Holy McJesus! Christmas in a backwoods town is an incredible bonanza of gossip, drama, and illegal substances. My favorite experience is the Christmas Eve church service communion. The social pressure is so thick that you could harvest it with a net and put it in a butterfly jar. Everyone, and their family, is paraded in their Sunday best before the whole community. Children are worn like trophies, and jewelry is flaunted like set of fake breasts. And after asking for forgiveness for our sins by symbolically eating stale crackers and grape juice, everyone goes to one of three or four get-togethers and gets hammered and tells racist, dirty jokes (or argues violently about college football)

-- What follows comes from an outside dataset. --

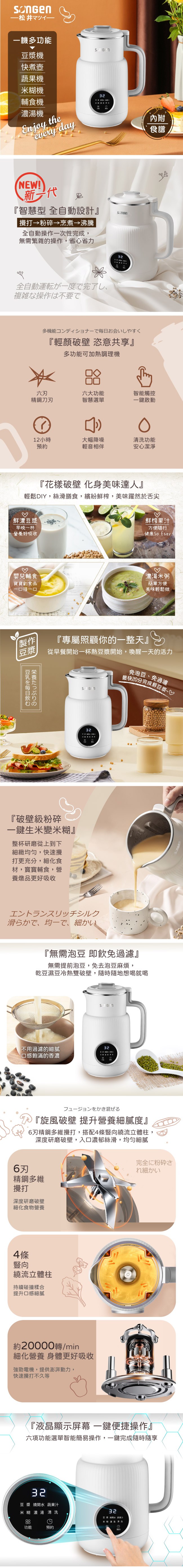 【SONGEN松井】多功能蔬果輔食冷熱調理破壁機/豆漿機/果汁機SG-331JU(W)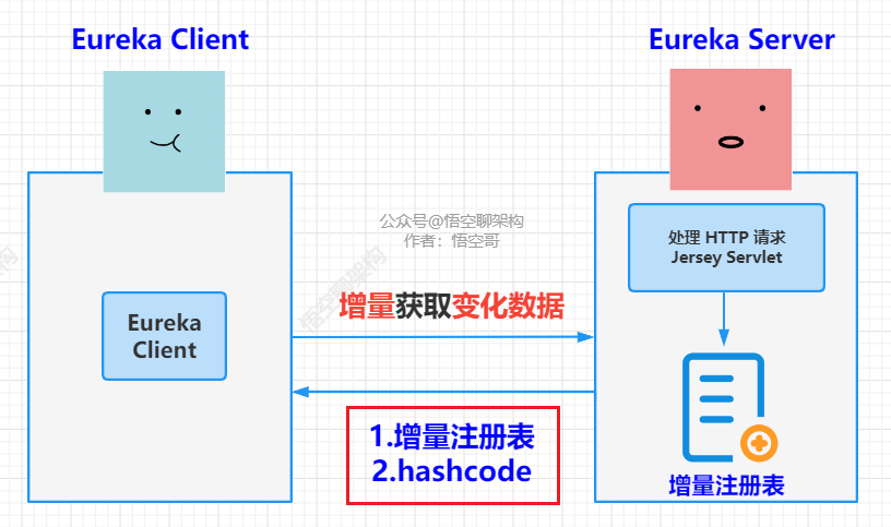 如下图所示,获取增量注册表的接口,会返回增量注册表和 hashcode。

Anyways, now that I have internet back at my finger tips I wanted to share this holiday email from my friend who just left for
> I hate it when people forward bogus warnings...but this one is
> real, and it's important. So please send this warning to
> everyone on your e-mail list.
> If someone comes to your front door saying they are conducting a
> survey on deer ticks and asks you to take your clothes off and
> dance around with your arms up,
> DO NOT DO IT!! IT IS A SCAM;
> they only want to see you naked.
>
> I wish I'd gotten this email yesterday.? I feel so stupid.
>
> Pass this along to your friends and loved ones before it's too late.